The strange new election method seems especially odd since former President Donald Trump and many of his supporters claimed falsely that Joe Biden’s electoral victory was fixed.
Coronavirus-related relaxations such as broadening voter mail-ins supposedly led to widespread voter fraud. The fervor has been so agitated that some states, including Georgia, have passed laws that make it harder for people to vote.
Virginia’s Democratically controlled General Assembly has passed a law that broadens voting rights. But as it goes one way, the state GOP goes another – not with a crackdown on voting rights, but with a new convention plan that few truly understand.
So why did it go down this route? Some claim that Republicans have always been fearful of traditional primaries because in Virginia one doesn’t have to belong to a particular party to vote in a primary. That could mean that Democrats could have an unfair advantage in some areas.
The other reason is to block Amanda Chase. The state senator from Chesterfield County has been pushing over-the-top antics, such as wearing a revolver in the legislature. Her populist panache has benefitted her in polls.

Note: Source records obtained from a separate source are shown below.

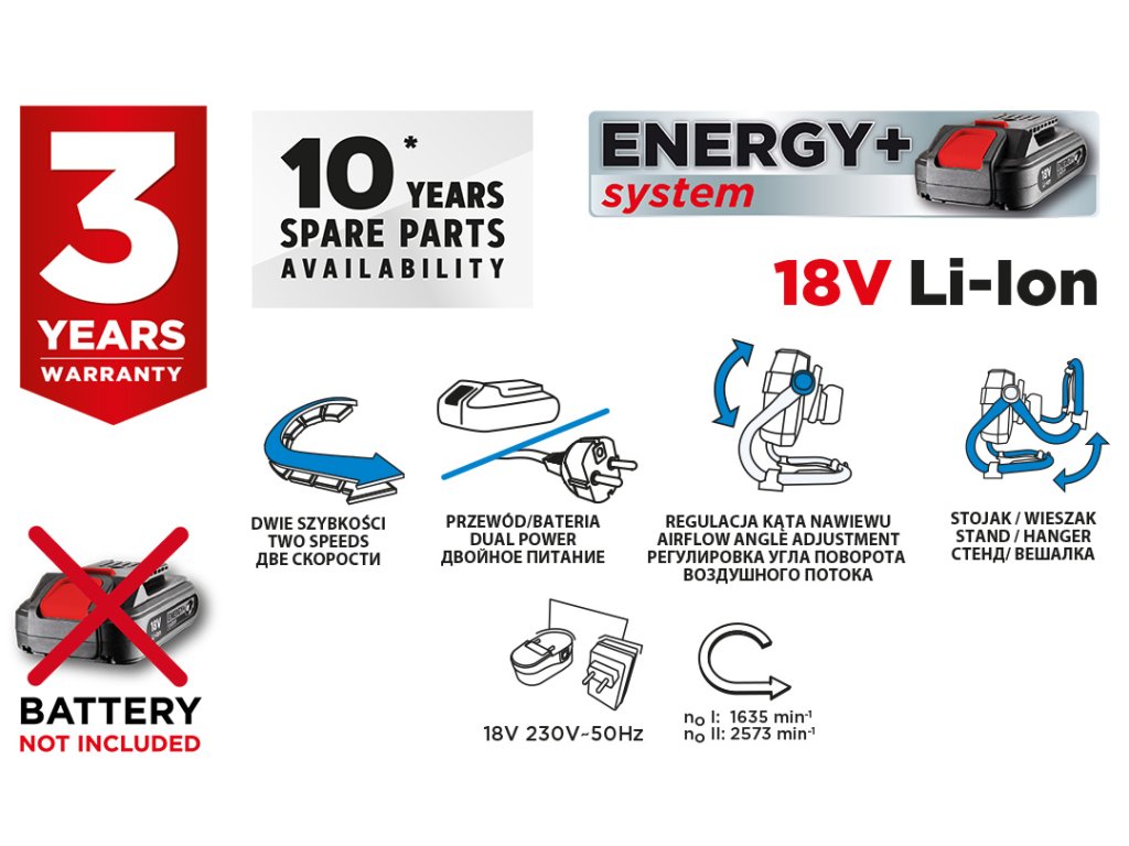 Energy+ 18V akumulátorový ventilátor 58G080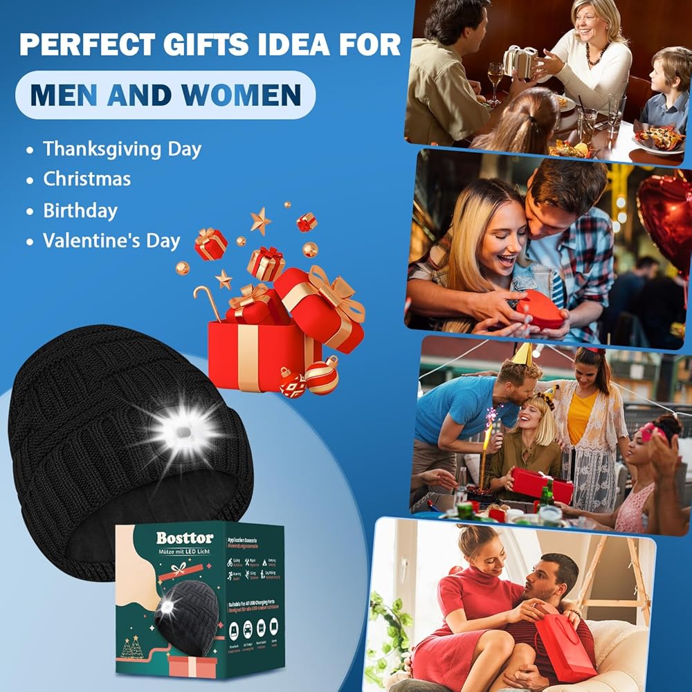 قبعة صغيرة مضاءة بـ 6 مصابيح LED: قبعة شتوية من Bosttor مزودة بإضاءة مدمجة تتميز بـ 6 مصابيح LED مدمجة، وهي حل إضاءة بدون استخدام اليدين مع ثلاثة أوضاع عمل. يوفر الوضع الأول أكثر من 6 ساعات من السطوع، ويوفر الوضع الثاني أكثر من 4 ساعات من السطوع، ويوفر الوضع الثالث أكثر من 10 ساعات من الوميض الأحمر والأزرق لحالات الطوارئ، مما يوفر الأمان والثقة لعشاق الهواء الطلق.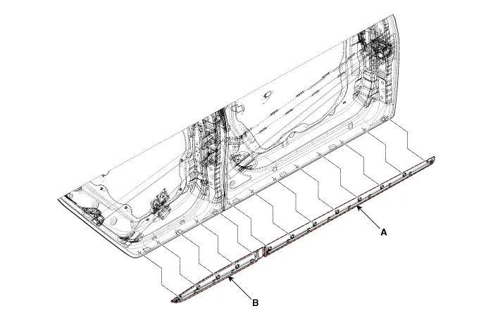| 2. | Using a screwdriver or remover, remove the rear waist line molding (B).

A recent poll by Christopher Newport University places Chase at the top with 17 percent with Kirk Cox following with 10 percent. Most polled were undecided.
Chase’s shenanigans have been broadcast nationally and that has some Republicans, who haven’t held the three statewide offices since 2013, feeling skittish about the state’s image.
Add to that Virginia is getting bluer. It voted for Obama, Clinton and Biden – a remarkable change for a state that was once the most conservative in the South.
Although he draws strong support from some Virginians, Trump was largely ignored by many Republicans. A Chase victory would keep Trumpism alive.
“Chase would be deeply problematic for them,” Farnsworth says. In a recent example, Chase announced she was “sick” when a Minneapolis jury convicted police officer Derek Chauvin of murdering George Floyd, an unarmed Black man, by choking him while handcuffed. The slaying touched off national protests, including many in Richmond.
Cox is a safer, known entity who flashes back to days when Republicans were seen as reliable, responsible conservatives with a bent towards helping Big Business. They typically followed a steady career track – work at the party, service as a local or state legislator, or a stint as a commonwealth’s attorney.
- Scott Elmquist
- Veteran legislator Kirk Cox, shown at the unveiling of the Virginia Women’s Monument in October 2019, is seen as reliable and steady.
A shining example of the old-style Republicanism was Eric Cantor, a well-mannered and well-heeled scion of a respected Richmond family who was ousted by Dave Brat with tea party help.
Candidates Johnson, de la Pena and Duran don’t appear to have much name recognition. But what about Youngkin and Snyder?
They are quite similar in that they worked their way to considerable wealth and have spent much of their lives in Northern Virginia although Youngkin grew up in Richmond’s Bon Air neighborhood and Virginia Beach.
Snyder made millions in social media and by being an angel investor. According to WRIC-TV, he has raised more than $6.8 million and he and his wife, Burson, have contributed $5.1 million. Youngkin, whose net worth is listed as more than $300 million, has raised $7.6 million and has tapped $5.5 million of his own money.
- Matt Gagnon
- Pete Snyder made millions in the social media industry.
The two men have unleashed a series of tough television ads accusing the other of not being conservative enough. That leads analyst Holsworth to note that the complex “unassembled convention” could be a big help for them.
“They are going to hire mathematicians to tell people how to vote,” he says. “They are appealing to the lowest part of the party. This is a battle for the Trump base.”